Records excerpted from a collection:
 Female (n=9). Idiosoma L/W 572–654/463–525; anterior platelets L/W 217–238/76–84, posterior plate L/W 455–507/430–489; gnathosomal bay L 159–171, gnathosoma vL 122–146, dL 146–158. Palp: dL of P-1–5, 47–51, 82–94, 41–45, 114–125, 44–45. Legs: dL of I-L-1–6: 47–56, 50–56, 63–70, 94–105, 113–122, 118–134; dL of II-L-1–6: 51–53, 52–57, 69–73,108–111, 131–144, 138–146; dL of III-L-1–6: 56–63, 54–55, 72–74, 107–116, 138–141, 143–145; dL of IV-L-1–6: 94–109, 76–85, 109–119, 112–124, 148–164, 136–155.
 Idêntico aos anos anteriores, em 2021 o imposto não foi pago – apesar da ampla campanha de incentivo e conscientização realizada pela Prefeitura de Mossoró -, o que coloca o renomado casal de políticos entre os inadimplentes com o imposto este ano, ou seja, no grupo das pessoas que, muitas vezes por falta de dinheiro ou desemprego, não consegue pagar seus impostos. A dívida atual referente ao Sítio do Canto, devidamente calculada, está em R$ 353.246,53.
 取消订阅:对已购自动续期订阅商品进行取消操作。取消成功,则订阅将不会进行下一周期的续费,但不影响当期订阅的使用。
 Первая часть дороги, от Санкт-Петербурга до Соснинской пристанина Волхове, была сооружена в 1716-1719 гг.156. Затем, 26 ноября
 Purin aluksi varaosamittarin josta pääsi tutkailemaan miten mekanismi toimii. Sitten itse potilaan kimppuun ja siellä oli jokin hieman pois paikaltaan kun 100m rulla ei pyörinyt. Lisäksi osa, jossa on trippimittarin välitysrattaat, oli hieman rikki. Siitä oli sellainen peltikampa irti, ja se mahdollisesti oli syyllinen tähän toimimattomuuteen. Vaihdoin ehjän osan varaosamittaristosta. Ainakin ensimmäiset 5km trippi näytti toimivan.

What you are asked to do:
Transcribe each of the records verbatim.

Reply:
 Female (n=9). Idiosoma L/W 572–654/463–525; anterior platelets L/W 217–238/76–84, posterior plate L/W 455–507/430–489; gnathosomal bay L 159–171, gnathosoma vL 122–146, dL 146–158. Palp: dL of P-1–5, 47–51, 82–94, 41–45, 114–125, 44–45. Legs: dL of I-L-1–6: 47–56, 50–56, 63–70, 94–105, 113–122, 118–134; dL of II-L-1–6: 51–53, 52–57, 69–73,108–111, 131–144, 138–146; dL of III-L-1–6: 56–63, 54–55, 72–74, 107–116, 138–141, 143–145; dL of IV-L-1–6: 94–109, 76–85, 109–119, 112–124, 148–164, 136–155.
 Idêntico aos anos anteriores, em 2021 o imposto não foi pago – apesar da ampla campanha de incentivo e conscientização realizada pela Prefeitura de Mossoró -, o que coloca o renomado casal de políticos entre os inadimplentes com o imposto este ano, ou seja, no grupo das pessoas que, muitas vezes por falta de dinheiro ou desemprego, não consegue pagar seus impostos. A dívida atual referente ao Sítio do Canto, devidamente calculada, está em R$ 353.246,53.
 取消订阅:对已购自动续期订阅商品进行取消操作。取消成功,则订阅将不会进行下一周期的续费,但不影响当期订阅的使用。
 Первая часть дороги, от Санкт-Петербурга до Соснинской пристанина Волхове, была сооружена в 1716-1719 гг.156. Затем, 26 ноября
 Purin aluksi varaosamittarin josta pääsi tutkailemaan miten mekanismi toimii. Sitten itse potilaan kimppuun ja siellä oli jokin hieman pois paikaltaan kun 100m rulla ei pyörinyt. Lisäksi osa, jossa on trippimittarin välitysrattaat, oli hieman rikki. Siitä oli sellainen peltikampa irti, ja se mahdollisesti oli syyllinen tähän toimimattomuuteen. Vaihdoin ehjän osan varaosamittaristosta. Ainakin ensimmäiset 5km trippi näytti toimivan.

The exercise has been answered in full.